Find recent high-liked Hugging Face models
Determine GPU requirements for large language models
Display benchmark results
Explore and visualize diverse models
Convert a Stable Diffusion XL checkpoint to Diffusers and open a PR
Compare audio representation models using benchmark results
View and compare language model evaluations
Calculate survival probability based on passenger details
Track, rank and evaluate open LLMs and chatbots
Convert PyTorch models to waifu2x-ios format
View and submit machine learning model evaluations
Open Persian LLM Leaderboard
Measure over-refusal in LLMs using OR-Bench
Model Drops Tracker is a tool designed to help users track and discover recent high-liked Hugging Face models. It simplifies the process of staying updated with the latest models in the machine learning community, focusing on models that have gained significant popularity or traction.

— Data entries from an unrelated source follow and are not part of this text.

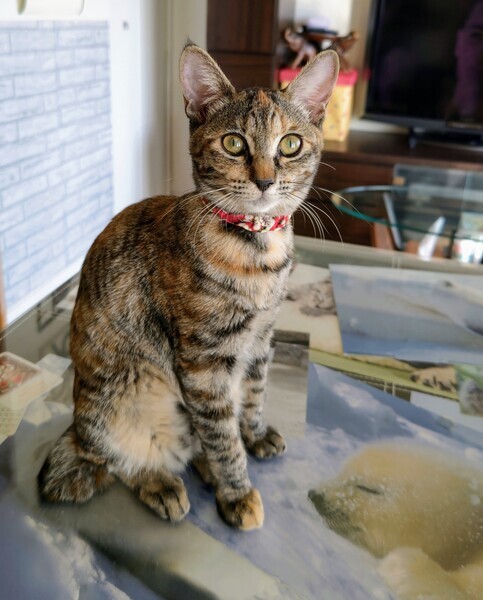 | 特徴(性格など) | 授乳から姉妹揃って育てていますので、人間に全く警戒心はなく、常に人に甘えたがる子ですし、拙宅には成猫がいるため猫にも懐いています。 可愛い声で鳴きながら抱きついてくるたいへんな甘えん坊さんの三毛キジ柄の女の子です。 |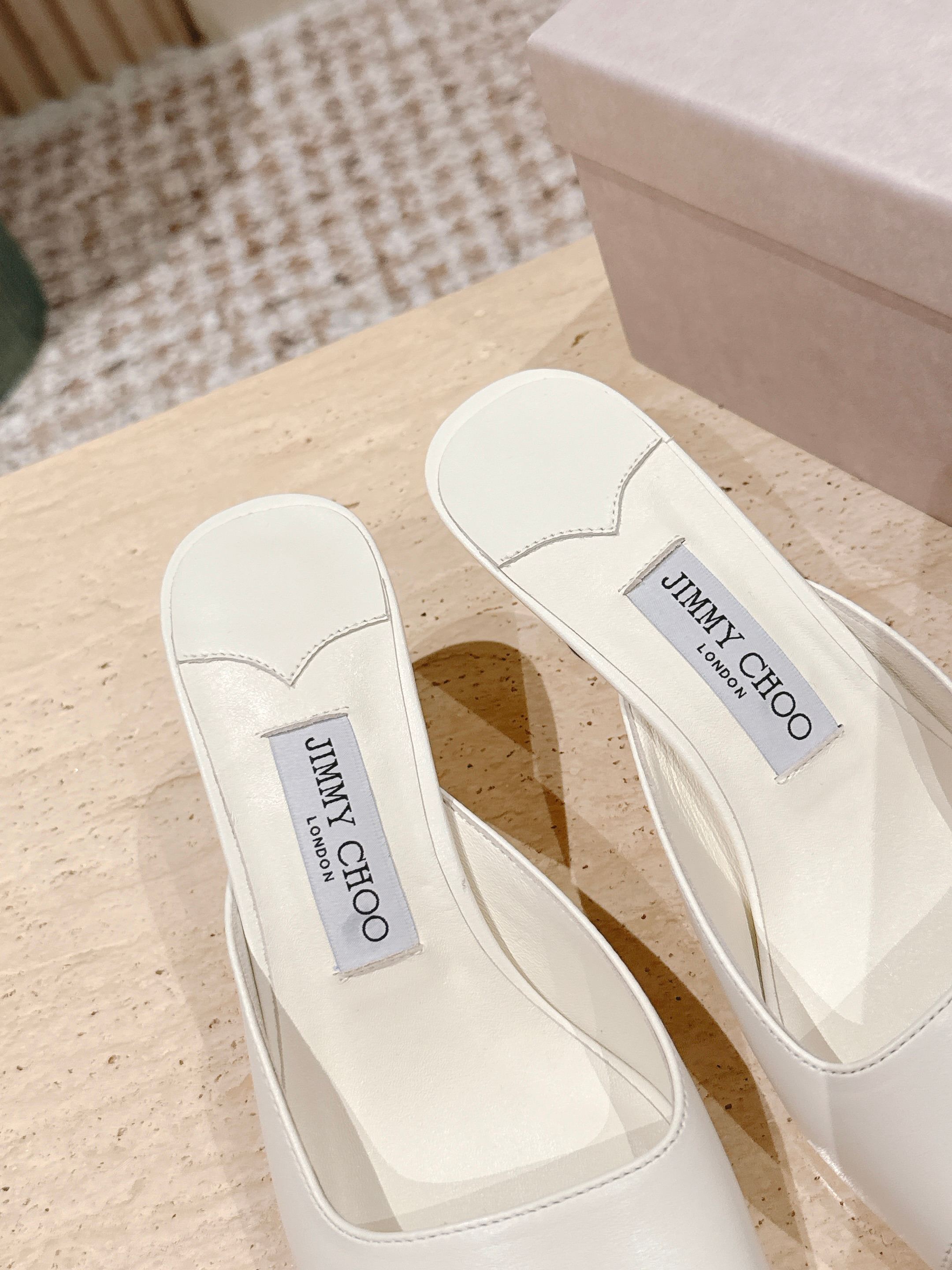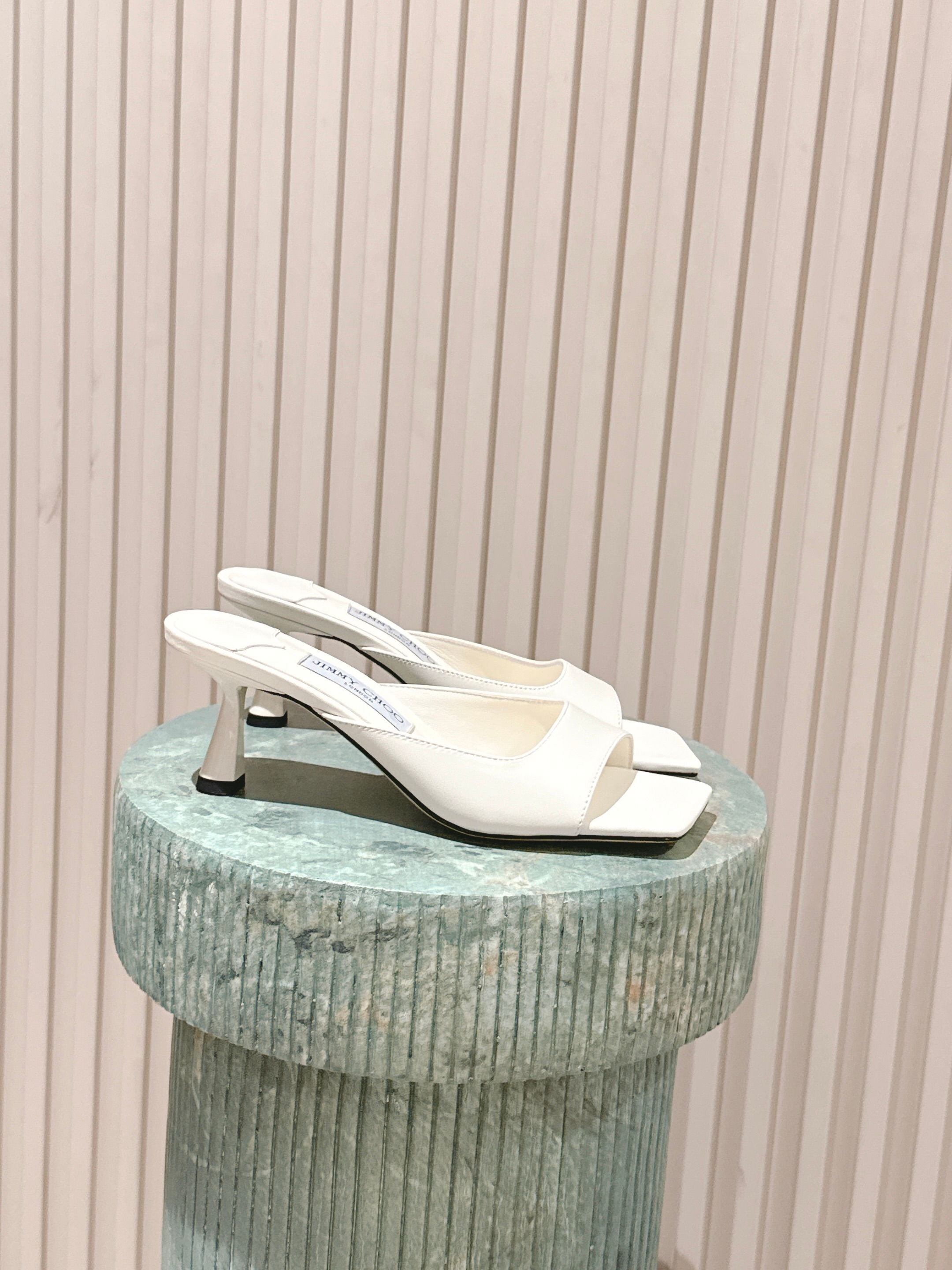 Jimmy 25s Skye Satin Mules 70mm White Leather 431871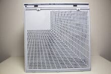 Der Deckel des HYTE 70 besteht aus Stahl, welcher von innen mit einer zusätzlichen Schicht Kunststoff verstärkt wurde und über einen integrierten Staubfilter verfügt, der leider nicht ausgebaut werden kann. Die Verbindung zwischen Korpus und Top-Panel erfolgt über Push-Pins aus Kunststoff, was eine werkzeuglose Demontage ermöglicht. Optisch bleibt HYTE sich treu und stattet das Panel mit einem auffälligen Belüftungsgitter aus, welches aus länglichen Öffnungen besteht, die der Form des Gehäuses folgen. Unterhalb des Panels erkennen wir einen modularen Halterahmen für drei 120-mm- oder zwei 140-mm-Lüfter bzw. entsprechend große Radiatoren.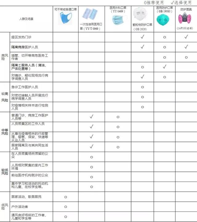 在新型冠状病毒感染的肺炎流行期间,建议选择合适的口罩类型,不过度防护。按防疫工作性质和风险等级提出以下指引: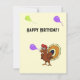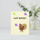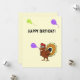 Niedlicher Truthahn mit Ballons auf gelbem Hintergrund Geburtskarte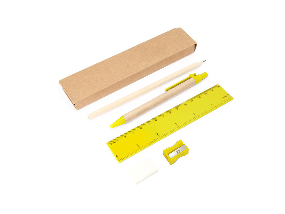 Канцелярский набор. Включает ручку с картонным корпусом и синими чернилами, деревянный карандаш, точилку для карандашей, ластик и линейку длиной 15 см.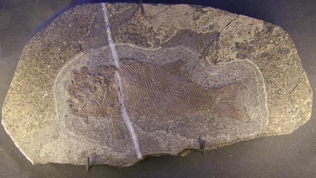 Keywords: Archaeosemionotus sp.jpg en Fossil of Archaeosemionotus sp from the Ladinian Middle Triassic Cassina beds Meride Limestone Formation of the Monte San Giorgio Ticino Switzerland Collection of the museum of natural history Museo cantonale di storia naturale http //www ti ch/dt/da/museo/temi/ of Lugano Stone slab is about 40 cm in width own Woudloper 2008-11 Archaeosemionotus Triassic fossils Monte San Giorgio Semionotiformes fossils
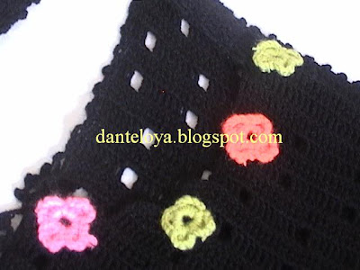 Yapılışı: Önce renkli çiçekleri ördüm daha sonra siyah iple kenarını döndüm iki sıra daha sonra krem rengi yeri örüp motifi tamamladım bu motifleri iğne ile diktim modelde görüldüğü gibi siyah iple bu motiflerin üzerine trabzan yaptım ve isteğe bağlı aralara kutucuk yaptım cep kısmında 8, 6,4 şeklinde kestim arka kısmı düz başlayıp boyu gelene kadar ördüm arka kısımda kesme yapılmadı bu iki parçayı tığ ile birleştirdim kenarını tığladım cep kısmındaki çiçekleri sonradan örüp diktim örgü örmeyi sevenleri rahatlıkla örebileceği bir model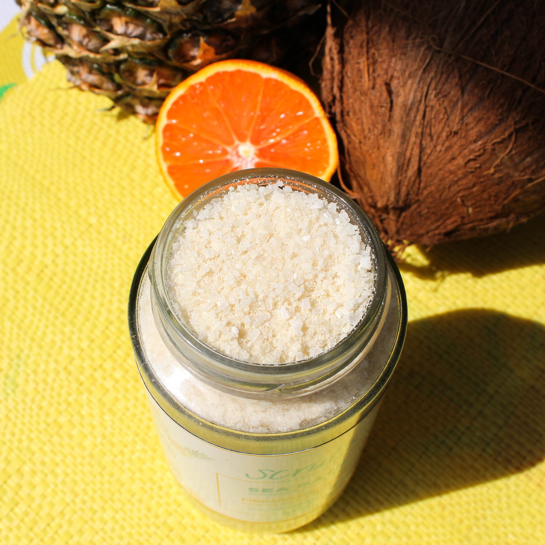 Pineapple Splash Sea Bath: Epsom salt, dead sea salt, coconut oil, coconut milk, pineapple powder, Kaolin clay, Sicilian blood orange essential oil.
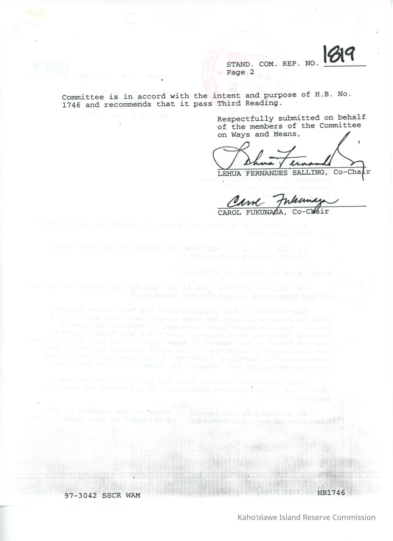Standing Committee Report No. 1819 re: H.B. No. 1746, "A Bill for an Act Relating to Duties of the Kaho'olawe Island Reserve Commission." 2 copied pages (back to back)Creator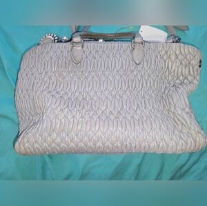 This rare limited edition Miu Miu satchel in a sophisticated gray hue features a distinctive quilted design that adds a touch of elegance to any ensemble. The structured handles and jeweled chain strap detail offer versatility and style, making it a perfect accessory for both casual and formal occasions. Its dome-like shape and textured material provide a modern and chic look.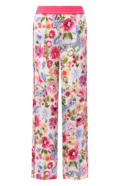 Красочный цветочный принт на этих брюках задает правильное настроение на весь сезон весна-лето 2019 года. Для создания модели мастера марки использовали плотную шелковистую вискозу. Изделие с узкими розовыми вставками по бокам, имитирующими лампасы, дополнено широким эластичным поясом. Наши стилисты советуют сочетать с однотонным жакетом, который поможет оттенить активный характер вещи.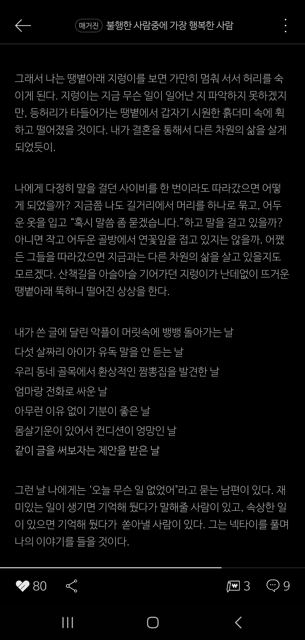 순수하게 일기 쓰듯 쓰는 나같은 사람은 관전인데, 진심으로 하는 분들이 마음이 잠시 다치신 듯 하고, 그럼에도 불구하고 글로 치유하는 모습을 보여주신다. 나도 나 스스로 상처를 다독이는 방편으로 책을 읽고, 이런 글을 가끔 쓴다.
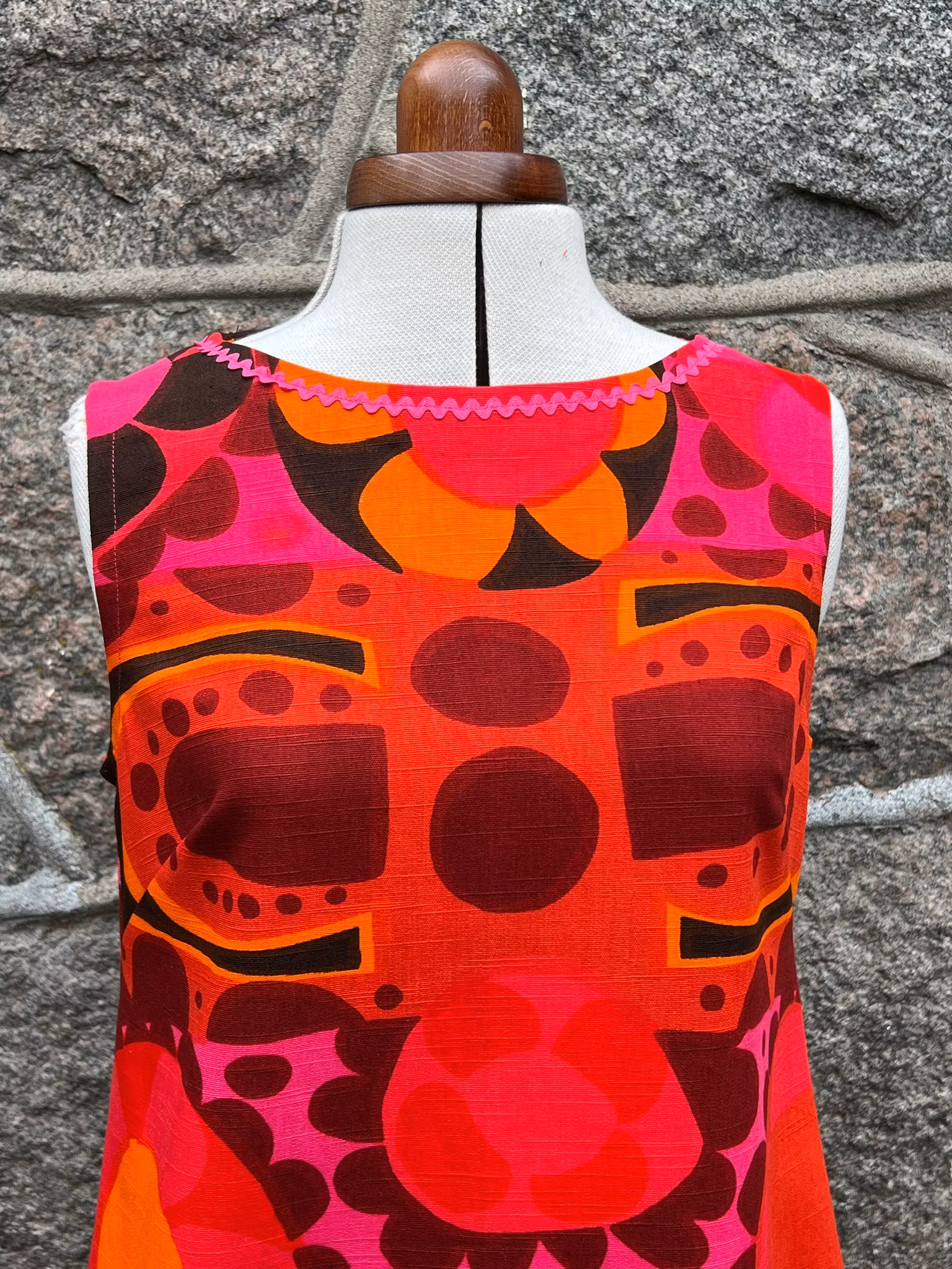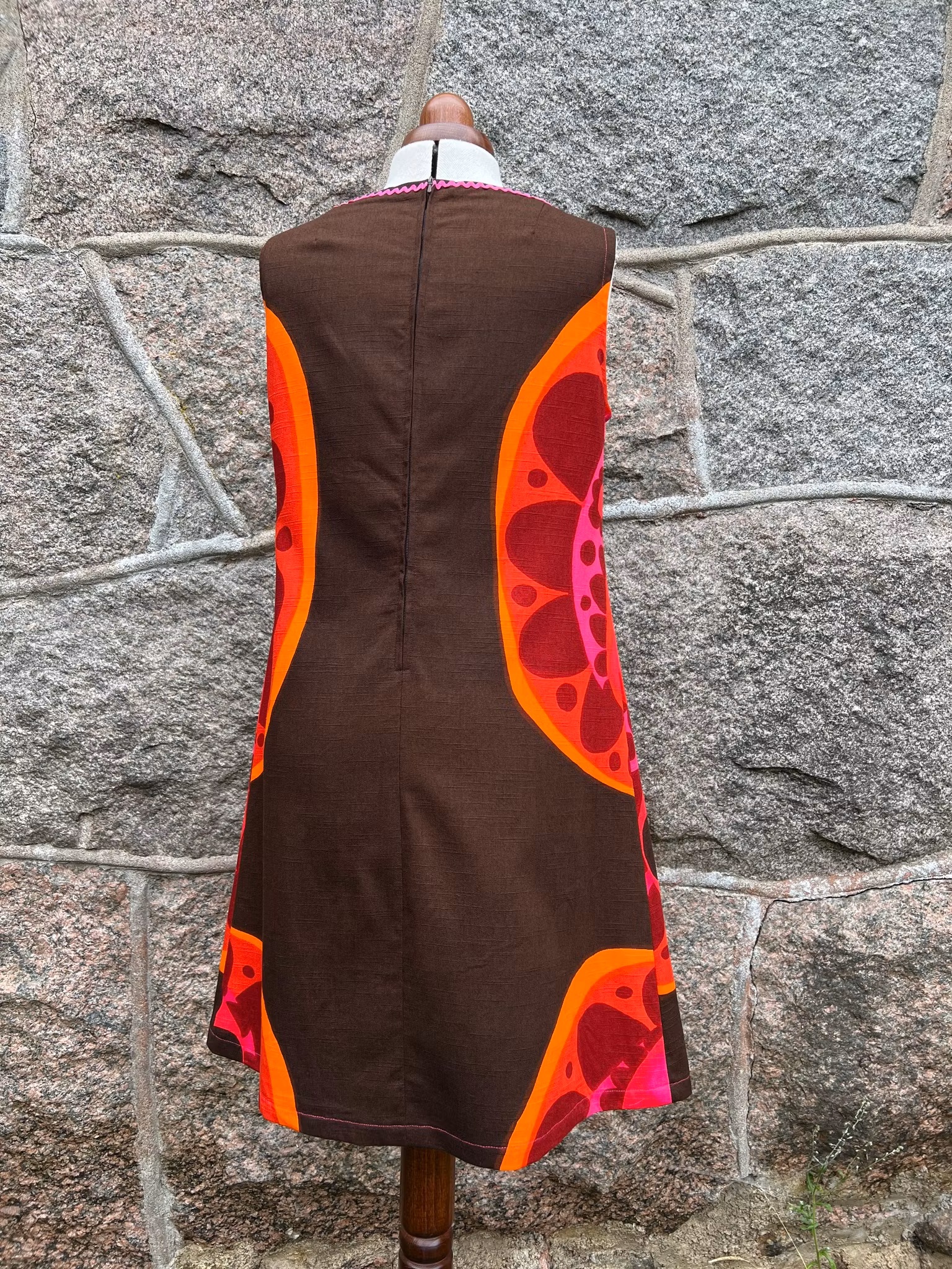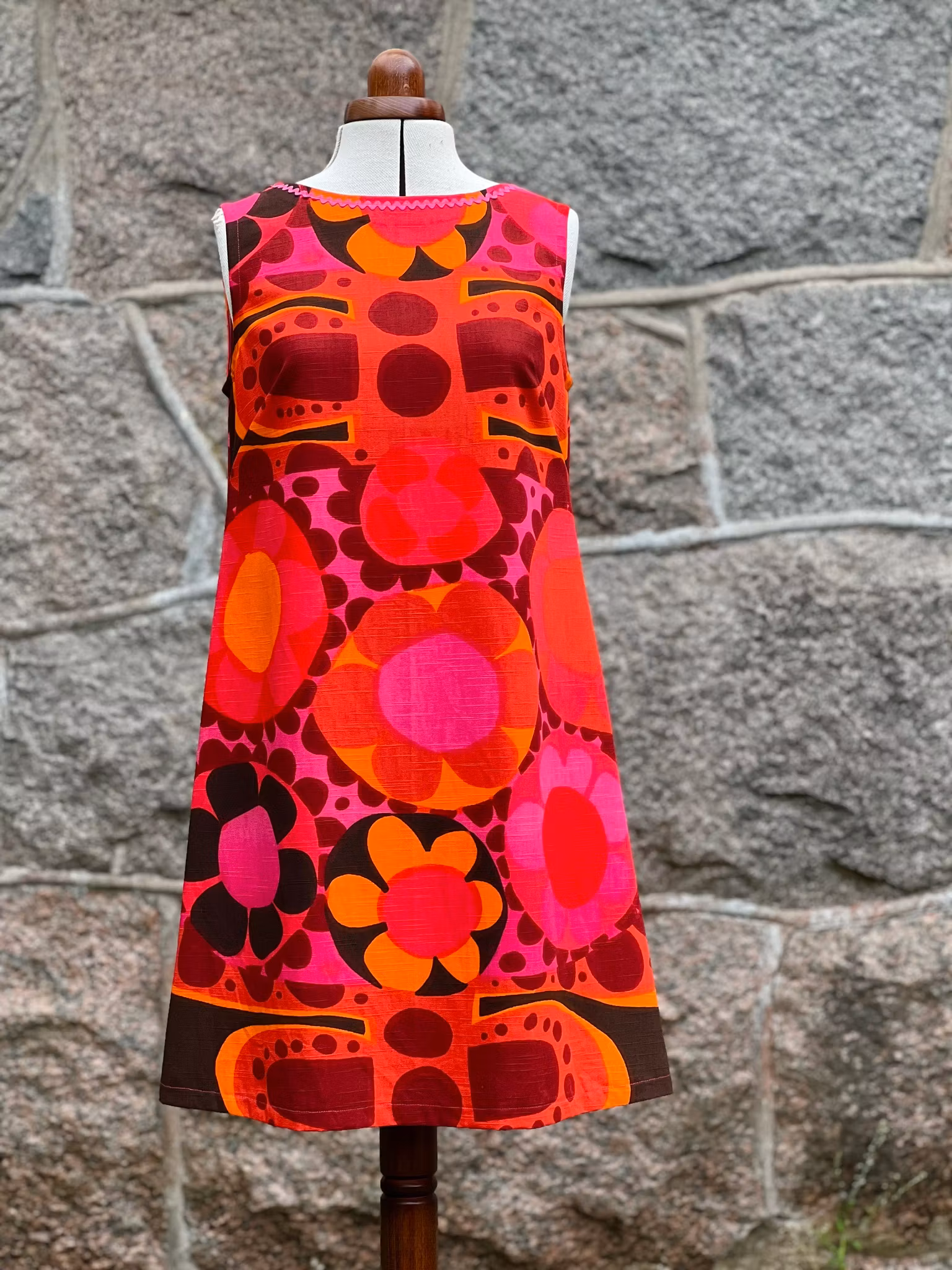 Klänning i A-linjemodell sydd i ett äkta vintagetyg, Mykeo, designat av Saini Salonen för Borås cotton.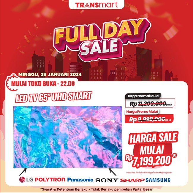 Gelaran ini hadir spesial di hari Minggu (28/1/2024), serentak di seluruh gerai Transmart di Tanah Air. Transmart Full Day Sale digelar seharian penuh, mulai dari toko dibuka s.d pukul 22.00 WIB.

What models are included in Model Drops Tracker?
Model Drops Tracker focuses on models from the Hugging Face Model Hub, particularly those that have received high likes or engagement within the community.
How often is the model list updated?
The list is updated in real-time to reflect the latest models and their popularity rankings.
Can I use Model Drops Tracker for commercial purposes?
Yes, Model Drops Tracker is designed to be used by researchers, developers, and businesses alike, with a focus on open-source accessibility.